1. ## Difficult integrals

$\int\frac{xsinx}{1+(cosx)^{2}}dx$
$\int_{-\infty }^{\infty }e^{-x^{2}}dx$
$\int\frac{\sqrt{\sqrt{x^4 + 1}-x^{2}}}{x^4 + 1}dx$
$\int\frac{\sqrt{x}ln(x)e^{x}x^{3}}{\sqrt{lnx}}dx$
I have been working on these integral for 4 weeks... haven't been able to get anything yet. I am preparing for a competition and came across these bad boys.

2. ## Re: Difficult integrals

I found the solution to the second integral. It turned out to be the Gaussian Integral!

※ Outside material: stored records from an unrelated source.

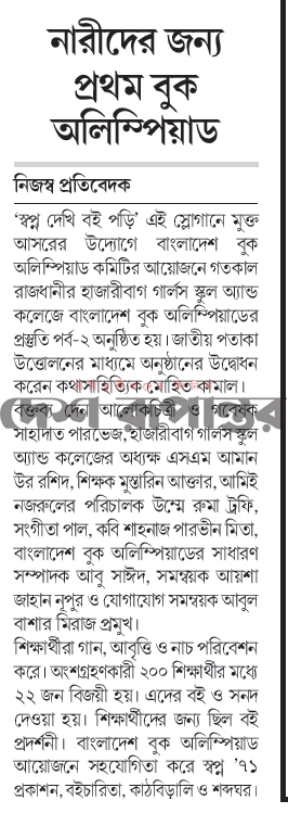 হাজারীবাগে প্রথম নারীদের জন্য বাংলাদেশ বুক অলিম্পিয়াড
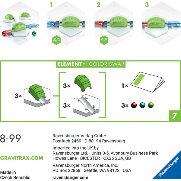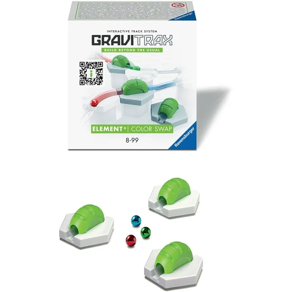 Booste tes circuits GraviTrax avec cet ingénieux bloc d’action qui donnera l’illusion de changer la couleur d’une bille. Par un astucieux tour de passe-passe, la bille rentre à l’intérieur du bloc et ressort d’une autre couleur. Un tour de magie facile à maîtriser, mais qui donnera à coup sûr un effet spectaculaire dans un circuit de billes GraviTrax ! Cet élément se joue avec au moins un Starter Set et peut ensuite se combiner avec tous les produits GraviTrax. Contenu : 1 Élément Colour Swap, 3 billes, 1 guide d’utilisation illustré.
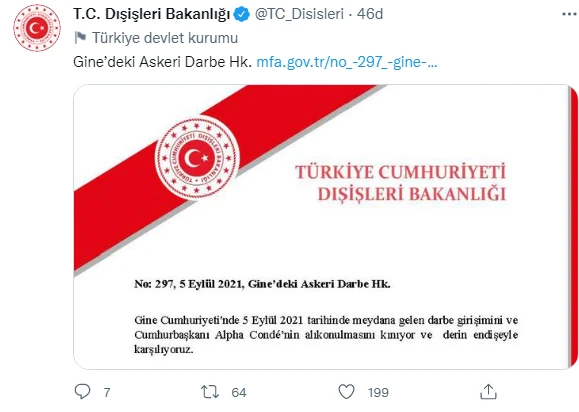 Dışişleri Bakanlığı tarafından yapılan açıklamada, “Gine Cumhuriyeti'nde 5 Eylül 2021 tarihinde meydana gelen darbe girişimini ve Cumhurbaşkanı Alpha Condé’nin alıkonulmasını kınıyor ve derin endişeyle karşılıyoruz" denildi.
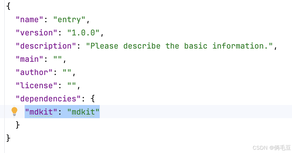 项目中配置了对mdkit(或其它三方库)的依赖,如在module中使用,还需要在module的oh-package.json5文件中增中对mdkit的依赖,如下图所示(为entry module)
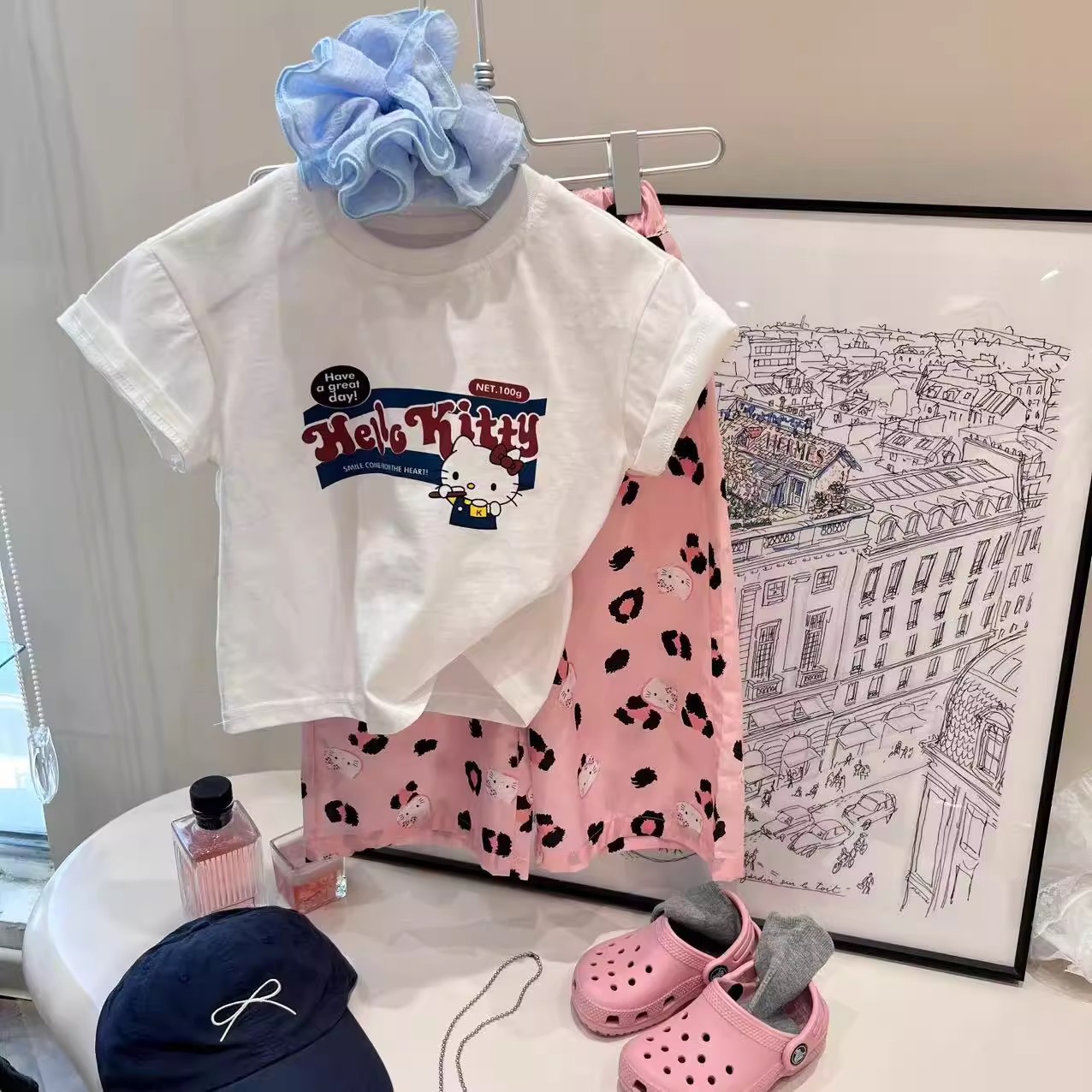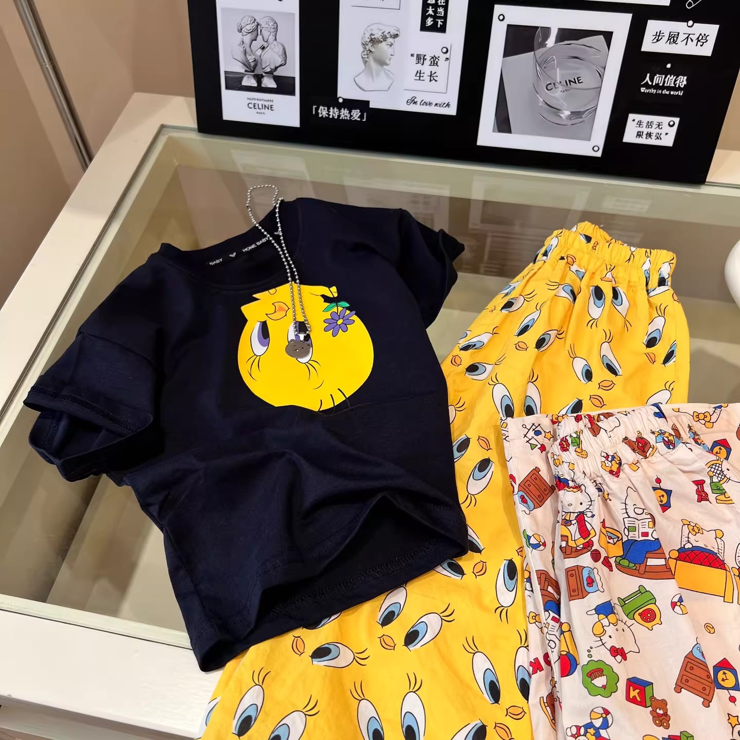 어린이 티셔츠 세트 2025 소녀 여름 새로운 한국 스타일 캐주얼 반팔 만화 인쇄 느슨한 스트레이트 바지
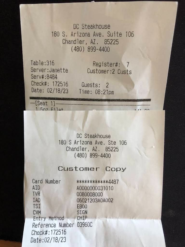Restaurant Receipt & Review Photo Samples – DC Steakhouse
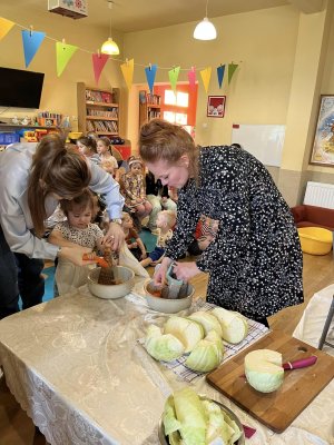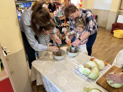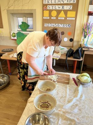 Dzieci poznały wartości odżywcze kapusty, sposób przygotowania kapusty do kiszenia oraz różnorodność kuchennych kapuścianych potraw. Bardzo dziękujemy przedstawicielkom Koła Gospodyń Wiejskich
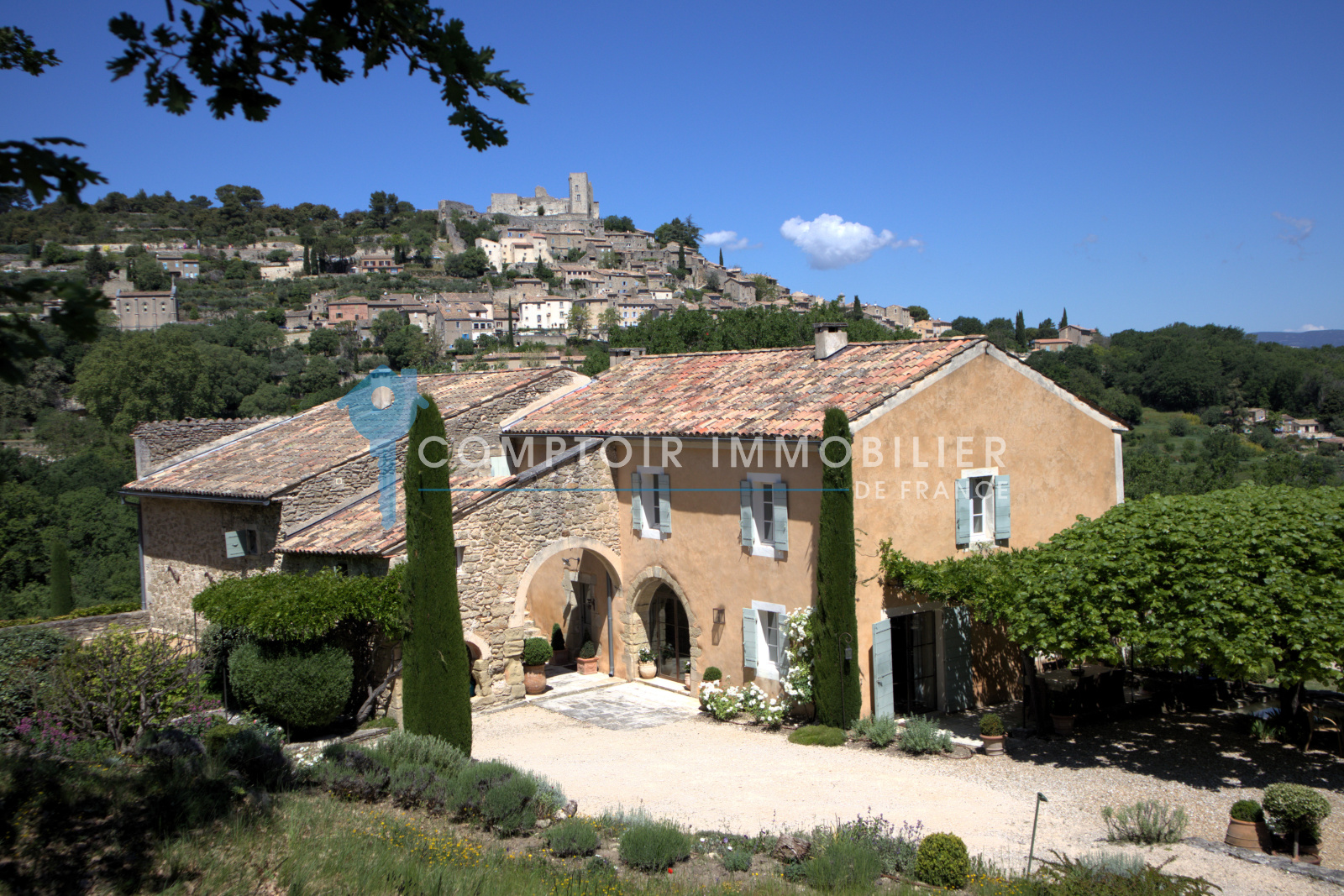 Commentaire : Propriété pleine de charme et d’authenticité tout en bénéficiant d’un confort moderne. La grande piscine, le terrain de tennis, les vues époustouflantes (sur le village de Lacoste, le mont Ventoux, les monts de Vaucluse ses villages et la plaine), l’agréement du terrain et sa diversité en font un lieu unique.
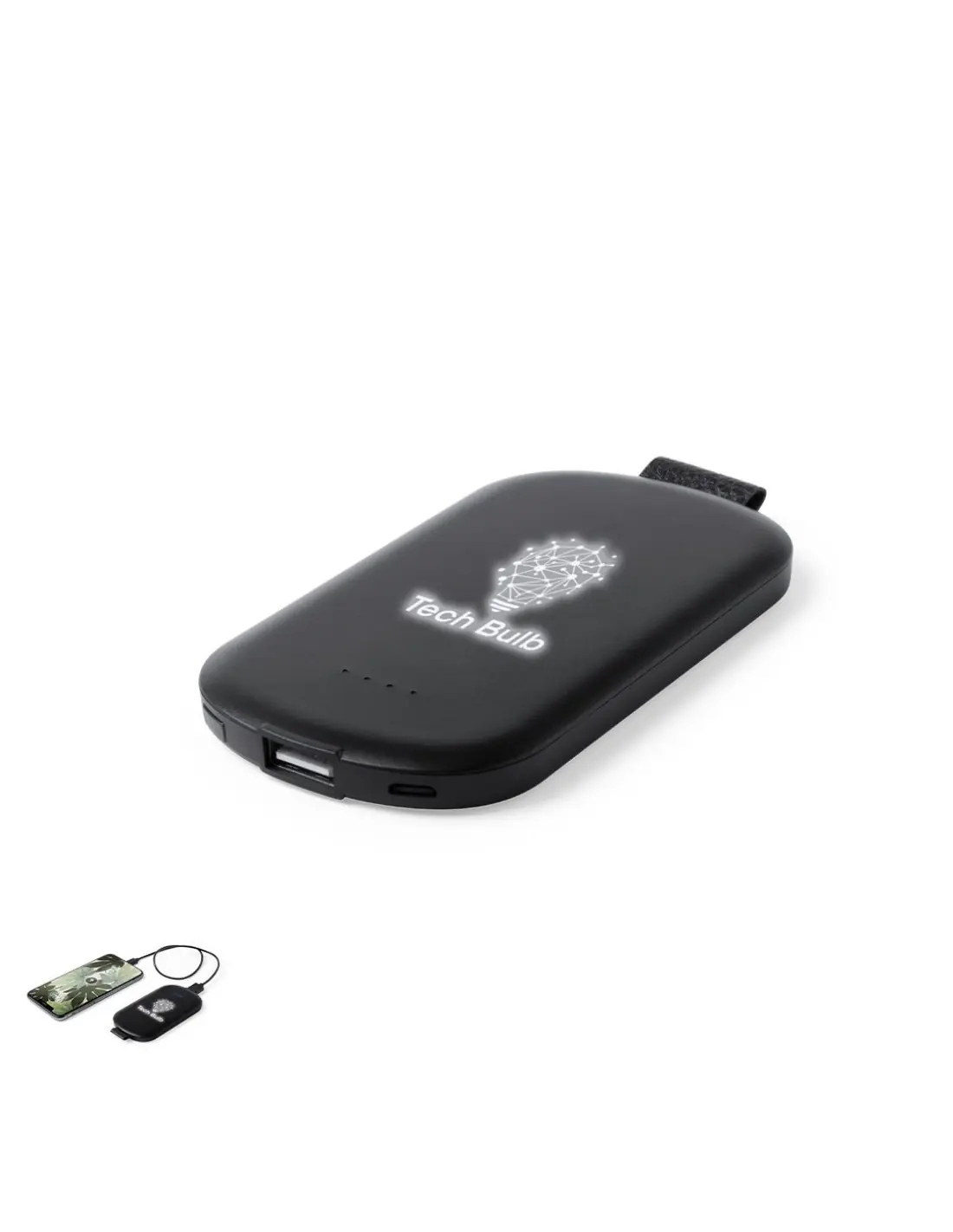 Batería auxiliar externa de 2.500 mAh de capacidad de carga. Con luz led interior y un recubrimiento exterior especialmente diseñado para marcaje en láser, con el que conseguirá que su publicidad o marca quede iluminada con luz blanca. Indicador de estado de carga, con salida USB y entrada micro USB -cable incluido-. Con amplia superficie de marcaje y presentada en atractiva caja de diseño. Las capacidades mostradas en todas nuestras baterías auxiliares externas son reales, incorporando todas ellas baterías de grado A y no recicladas, con una vida útil de al menos 500 ciclos de carga y según normativa CE. Además, están fabricadas conforme a los estándares RoHS y en cumplimiento con los siguientes requisitos de seguridad: Sistema de protección contra sobrecarga del power bank. Sistema de protección contra descarga completa que proporciona una mayor durabilidad del power bank. Sistema de bloqueo para evitar cortocircuitos. Sistema de transferencia de carga constante, acorde con la capacidad del dispositivo de destino.

3. ## Re: Difficult integrals

I ve done for you the first one. Doesnt seem to have any sense but maybe I made a typing mistake.

http://integrals.wolfram.com/index.jsp?expr=(x*sin(x))%2F(1+%2B+cos(x)^2)&rando m=false

4. ## Re: Difficult integrals

Originally Posted by smokesalot
$\int\frac{xsinx}{1+(cosx)^{2}}dx$
$\int_{-\infty }^{\infty }e^{-x^{2}}dx$
$\int\frac{\sqrt{\sqrt{x^4 + 1}-x^{2}}}{x^4 + 1}dx$
$\int\frac{\sqrt{x}ln(x)e^{x}x^{3}}{\sqrt{lnx}}dx$
I have been working on these integral for 4 weeks... haven't been able to get anything yet. I am preparing for a competition and came across these bad boys.
$\displaystyle \int{\frac{x\sin{(x)}}{1 + \cos^2{(x)}}\,dx}$

Use integration by parts with $\displaystyle u = x \implies du = dx$ and $dv = \frac{\sin{(x)}}{1 + \cos^2{(x)}} \implies v = -\arctan{ \left[ \cos{(x)} \right] }$ and the integral becomes

$\displaystyle \int{\frac{x\sin{(x)}}{1 + \cos^2{(x)}}\,dx} = -x\arctan{\left[ \cos{(x)} \right]} + \int{\arctan{ \left[ \cos{(x)} \right]} \,dx}$

This does not have a closed-form solution in terms of elementary functions.

5. ## Re: Difficult integrals

wow nice, didn't see that! Thank you so much